Les ministres en charge des Affaires européennes des États membres de l'UE ont discuté, mardi 15 novembre, de l’efficacité du mécanisme mis en place au Conseil, qui prend la forme d'un dialogue annuel, pour évaluer le respect de l’État de droit par les Vingt-huit. La porte est dorénavant ouverte à des modifications visant à renforcer ce mécanisme et le rendre plus consistant à l’avenir.
Les ministres ont conclu que ce dialogue annuel qu'ils ont sur le respect des principes de l'État de droit devra faire l'objet d'une nouvelle évaluation d'ici à la fin de 2019. Cette évaluation « pourrait également être l'occasion d'examiner si le Conseil est prêt à transformer le dialogue sur l'État de droit en un exercice annuel d'évaluation par les pairs », avait indiqué la Présidence slovaque du Conseil en amont de cette discussion.
Selon une source du Conseil, plusieurs États membres, dont la Belgique, l'Italie et les Pays-Bas, ont fait part, mardi, de leur souhait de faire évoluer ce mécanisme avec une évaluation périodique de la situation de l'État de droit dans tous les États membres. La fréquence d'une telle évaluation n'a toutefois pas été précisée. Des pays comme la France demandent même que cette évaluation ait lieu une fois par semestre. D’autres pays ont accepté de faire évoluer le mécanisme, mais en soulignant que celui-ci ne devrait pas s'éloigner de ses principes de départ. Il s'agit ici notamment de la Pologne et de la Hongrie.
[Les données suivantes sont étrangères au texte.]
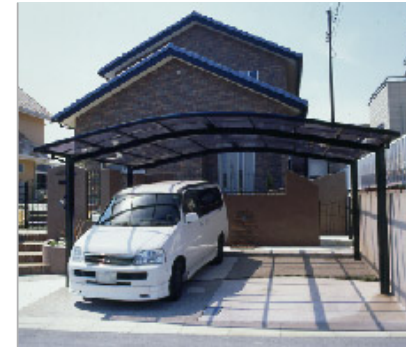
【カーポート】カムファイRのカーポート。美の立水栓は車を洗うために設置。右奥の出入り口は、種から直接玄関に行けるので、買い物の荷物が多いときや雨の日も重宝です。
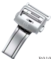
R0101AC-BK00 52,500円(税抜き 50,000円)

Loin d’être un mécanisme contraignant visant à pointer du doigt les dérives de tel ou tel État membre, le dispositif du Conseil, qui a été finalisé en 2014, s’assimile à un dialogue annuel sur des thèmes divers pouvant mettre en lumière des difficultés concernant l’État de droit. Le premier a eu lieu sous Présidence luxembourgeoise, en novembre 2015, et le second en mai 2016 sous la Présidence néerlandaise.
En 2015, les ministres avaient ainsi parlé de l’intégration des migrants et mis en exergue aussi bien les efforts nécessaires pour les intégrer dans tous les pans de la vie du pays que le devoir de ces mêmes migrants de respecter les traditions de leur pays d’accueil.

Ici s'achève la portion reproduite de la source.